Child and Adolescent Mental Health Services are failing the most vulnerable young people, according to a House of Commons education committee

Children and teenagers in care are having their mental health needs neglected, according to a government report.

The House of Commons education committee found that many health services and local authorities are failing to identify children’s mental health needs when they enter care.

Their report, Mental Health and Well-being of Looked-after Children, published today (April 28), calls for looked-after children to be given priority access to specialist mental health assessments, with subsequent treatment based on their clinical needs.

The committee found Child and Adolescent Mental Health Services (CAMHS) are turning away children because they do not meet high treatment thresholds. And children are being rejected – against statutory guidance – because they have moved placement, often in the same local authority.

Looked-after children are four times more likely than other children to have a mental health condition, and almost half of children in care have a diagnosable mental health disorder.

The RCN is among 58 organisations that submitted written evidence to the committee during its investigation process.

The college expressed concern about ‘a postcode lottery in respect of dedicated CAMHS for looked-after children’ and cited a 7% drop in mental health nursing staff since 2010 in the face of increasing demand for the service.

RCN professional lead for children and young people’s nursing Fiona Smith said: ‘Too many children are not getting the help they need and the longer they have to wait, the more likely their conditions will continue into adulthood.’

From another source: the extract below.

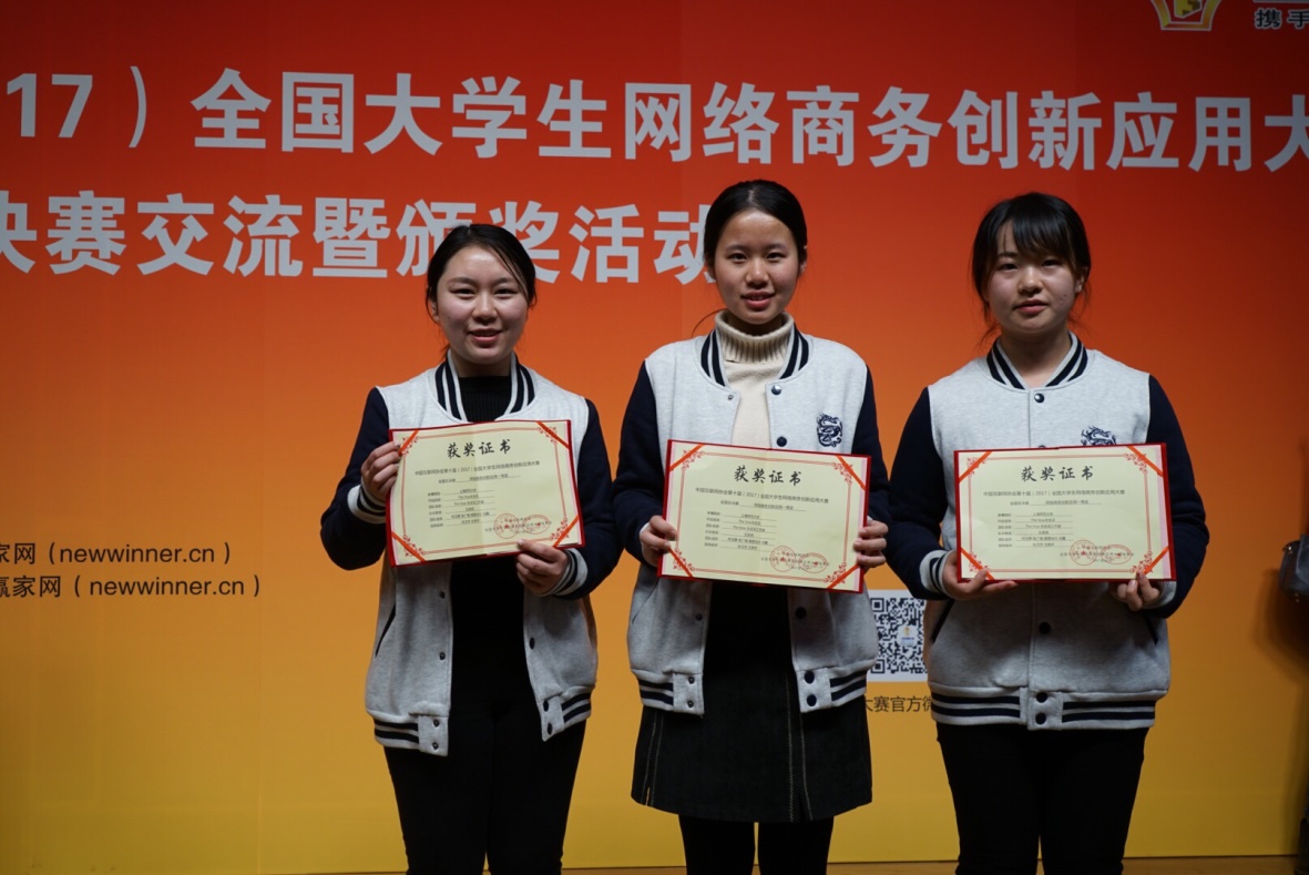 12月3日,由工业和信息化部指导、教育部支持、中国互联网协会主办的第十届全国大学生网络商务创新应用大赛全国总决赛颁奖典礼在北京联合大学隆重举行。由我校商学院15级学子电子商务专业王良尧(队长)、财务管理专业柯玉静、张广楠、中法计算机专业冯鑫及人文学院15级古典文献专业黄蓉诗卉组成的The Vow永生花团队,在此次大赛中荣获一等奖。团队指导老师商学院杜文杰、文燕平老师被评为“优秀指导老师”。

Education committee chair Neil Carmichael said: ‘Given children in care may have unstable family lives and are frequently moving foster or residential placement, such inflexibility puts them at a serious disadvantage in getting the support they deserve. This must change.’

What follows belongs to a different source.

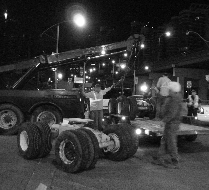 At the upper left, we find the rig at about 12:30 a.m. making a very difficult U-Turn out of the CNE parking lot onto Newfoundland Drive. This took a couple of hours and put us behind schedule. In the middle picture above, we find 6213 moving down Lakeshore Road. Things moved much more quickly and 6213 easily made up time against the schedule. Just beyond Bathurst Street, a “time out” was called to add two more bogies to the front and to lower two bogies at the back providing 32 more wheels under 6213 for a total of 80 wheels on the ground. The extra wheels were necessary in order to improve the load distribution as the rig went over the bridged section of the Westbound Lakeshore Road just west of Rees Street. In the picture at the upper right, we see 6213 safely leaving the bridged section without any mishaps.

Young people leaving care in the UK are five times more likely to attempt suicide than their peers. They are also more likely to enter the criminal justice system.

The committee recommends:

  • CAMHS should form a part of a multi-agency team in which education, health and social care work in partnership, and each local area should employ a senior mental health professional to co-ordinate these services.
  • Care leavers should be able to access CAMHS up until the age of 25 (rather than 18).
  • Young people should be included in planning the services they need.